John Beilein holds court on coaching in the spotlight

Michigan State basketball coach John Beilein spoke with LSY! teen reporter Rebecca Wojcinski at an awards dinner for DeSales school in Lockport, New York. Both of them are DeSales alums.

Michigan basketball coach John Beilein spoke with LSY! teen reporter Rebecca Wojcinski at an awards dinner for DeSales school in Lockport, New York. Both of them are DeSales alums.

A coach is a team’s ultimate leader. It’s the coach’s job to help players perform through everything, from troubles to triumphs. If the team is popular, the coach also has to help athletes handle the spotlight.

That’s the job of University of Michigan basketball coach John Beilein, whose team last year reached the NCAA Final Four. Coach Beilein grew up in the Buffalo/Niagara Falls area and recently came back to accept the Distinguished Alumni Award from his former school, DeSales.

“I try to remember my roots all the time,” he told me during an interview before the awards dinner. “These are dreams that have come true.”

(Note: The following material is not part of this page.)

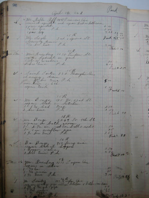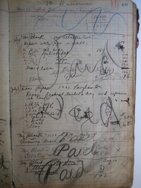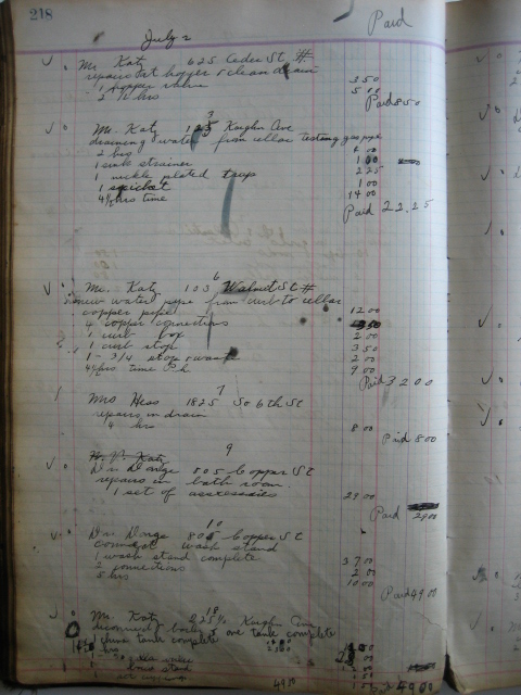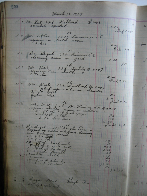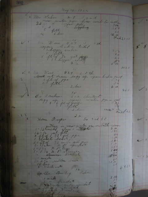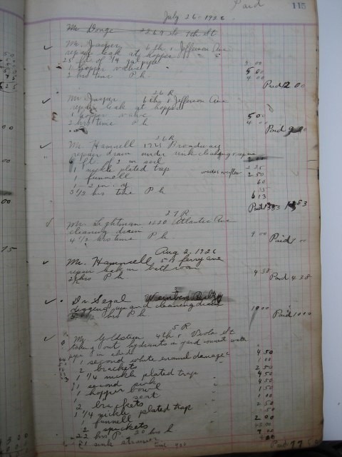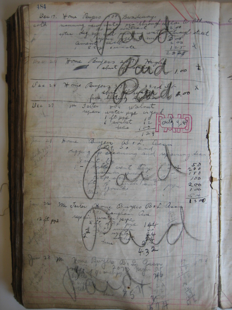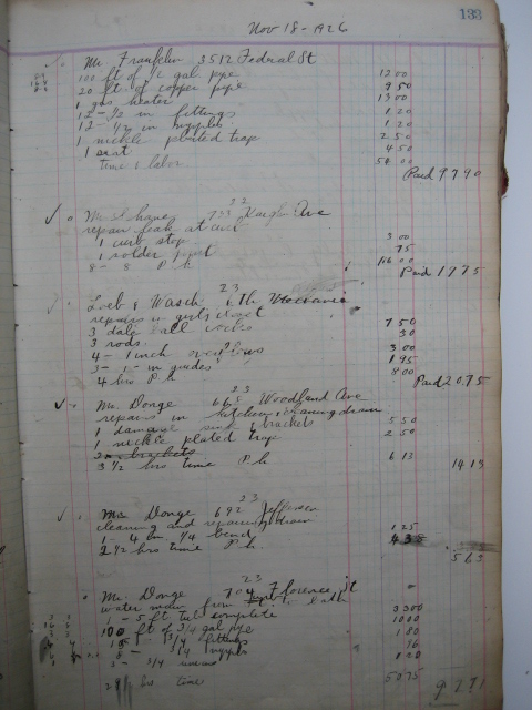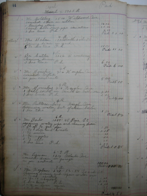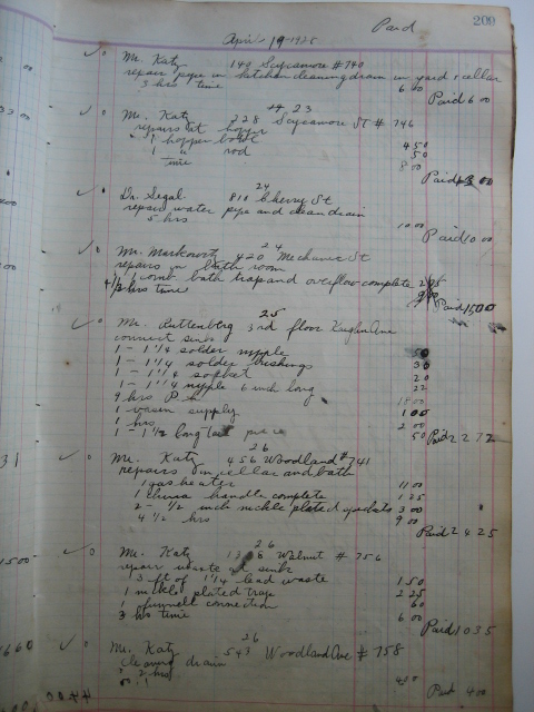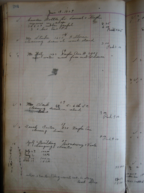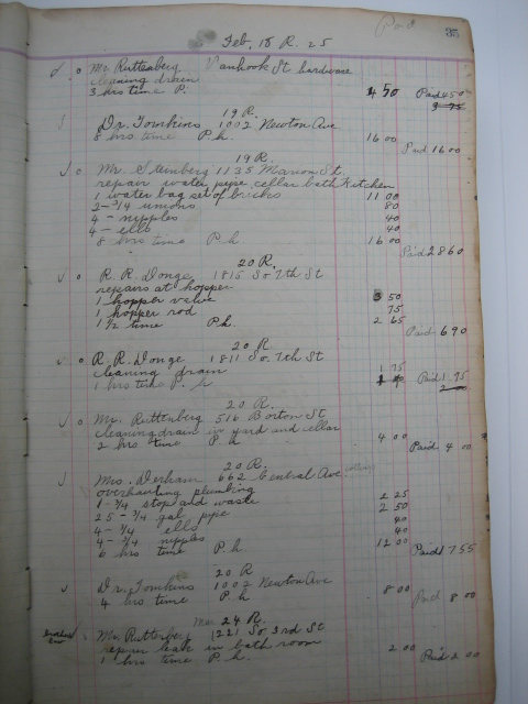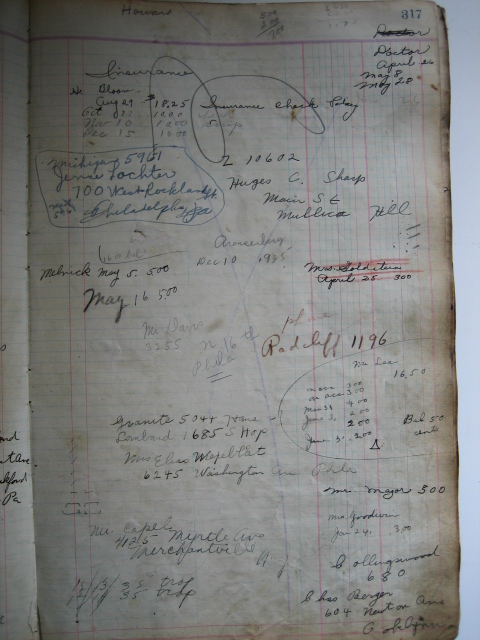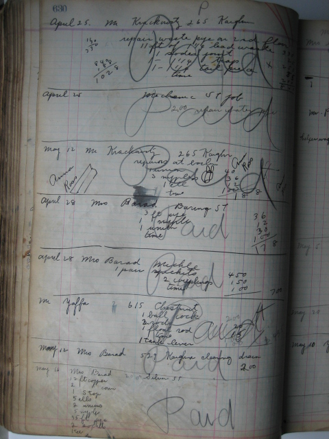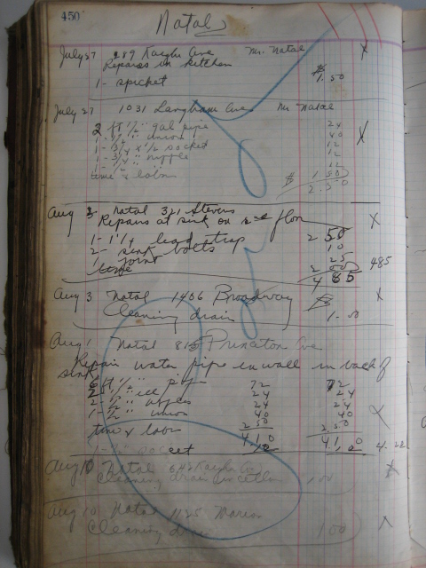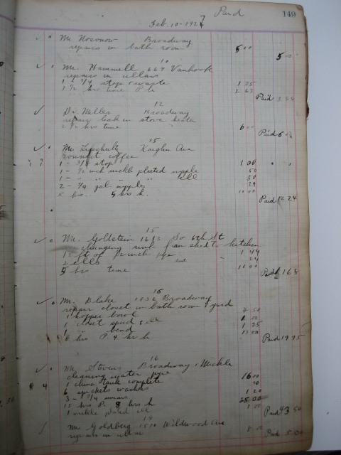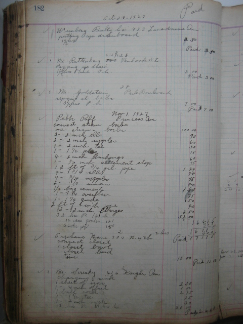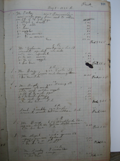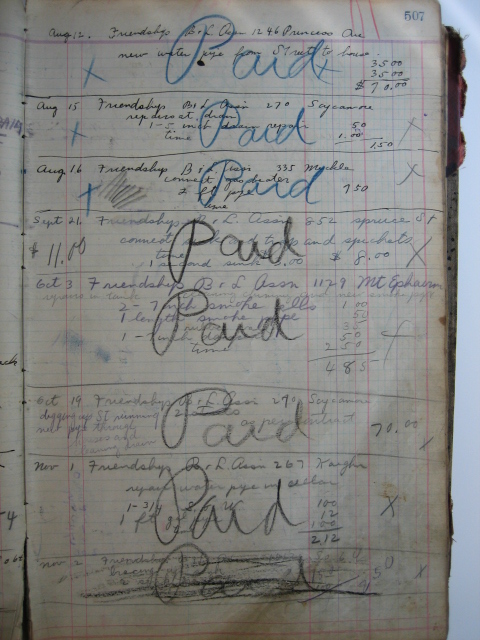 Ross Plumbing was the business of the Ross family, and bore the name of its founder, Isreal Ross, who went into business as a plumbing and heating contractor in 1918. He had previously partnered with Francis Bicker Jr., son of Dr. Francis Bicker, a well known physician in Camden's Eighth Ward. He may still have been in business with Bicker into the 1920s. By January of 1920 Isreal Ross and his wife, the former Annie Silverman, had bought a house at 1145 Baring Street. Annie Silverman was the daughter of Becky Silverman, who owned an operated a clothing business at 299 Kaighn Avenue, the corner of South 3rd Street and Kaighn Avenue. A set of journals that begin in 1924 seem to indicate that the partnership with Francis Bicker Jr. had dissolved, and that Isreal Ross had started his own business. These journals, presented here, show every job that Isreal Ross undertook, indicate that he worked for many people who were or would become well known in Camden. He also had begun doing work for various real estate operators. Sometime after the fall of 1936 Israel Ross acquired the building at 1142 South 6th Street, where the Tarter family had once conducted a bottling business. Isreal Ross lived and operated his business here, the Ross Plumbing & Heating Company, through at least 1947. By that time sons Edward and Leonard had joined the business. Ross Plumbing and Heating did a great portion of its business with Camden real estate operators and landlords. Some of the larger and more notable clients in the 1930s and 1940s included Benjamin Natal, Theodore Tiedeken, Samuel Gelfand, Louis Richelson, Louis Dorflinger, Ellis Goodman, Zellie Ellis, Joseph and William Lipkin, and Alex Malamut. There was also institutional work, for the Talmud Torah building, churches and synagogues, and Belleview Hospital. They also did work for several Camden physicians, including Dr. Ulysses Wiggins, Dr. William Lashman, and Dr. Marcus Wheatland. Commercial accounts included Trilling & Montague, a company involved with many of the bar businesses in Camden, Quality Drugs, and several businesses on Broadway, Kaighn Avenue, and throughout the city. They also worked for several Building and Loan Associations and the Federal Deposit Insurance Corporation's real estate operation. Isreal Ross passed away on April 12, 1962. He was buried the following day at Crescent Burial Park in Pennsauken NJ. He was survived by his wife and sons, who carried the business forward. Anna Silverman Ross passed away in Cherry Hill NJ in 1993. The Ross Plumbing and Heating Company was still operating on South 6th Street as late as the fall of 1977, and owned the property into the late 1990s. For more about the the family and business of Isreal and Anna Ross, please visit the following web-pages on on this site:

Following is an edited version of our conversation.

Rebecca Wojcinski, LSY! teen reporter, Mount St. Mary Academy

What would be the best strategy for athletes to handle the spotlight?

Coach Beilein: It depends on the level, obviously, but as they get there I think they have to embrace the blessings that they have — that they have these great opportunities because of God-given athletic talent. At the same time, there are so many talented people out there, but it may not be in athletics. There are a lot of people that are blessed. They’re just blessed in a different way, but not more than others. They ought to take those blessings to the most of their ability.”

How do you handle the spotlight?

Coach Beilein: I try to remember my roots all the time and that these are dreams that have come true. But at the same time, I will always want to have a brand say of being very humble, of being someone that I really believe I should be. Humble — an attitude of gratitude towards what my position has brought to me, and just try to take each day like day-to-day. Like this is a little bit of a purpose in life, to be able to coach and teach and live the life that I live.

What are the pros and cons about the spotlight?

Coach Beilein: The pro is that, obviously, you get to touch a lot of people and if you’re doing the right things maybe you could be a great model for a lot of people. The con would probably be is that you really are always in a big lens, you’re always in a big camera. You cannot afford to make mistakes at any time, let alone in public.

What do you thing the step I that most people miss when they are trying to become successful?

Coach Beilein: Embracing the process along the line and realize that it’s day-to-day. Everybody wants to get there and not embrace the process. It’s the things that are happening when you didn’t know they were happening are really special. They’ll come around 20 or 30 years from now when you’re much older and you’ll look back at those days and say, “Oh, that’s why I got to here. It was that little thing that happened 25 years ago.” I’m not great at embracing the process. I’m thinking about the next game the next day. That’s something I wish I didn’t miss out on and I’m trying to avoid in the future.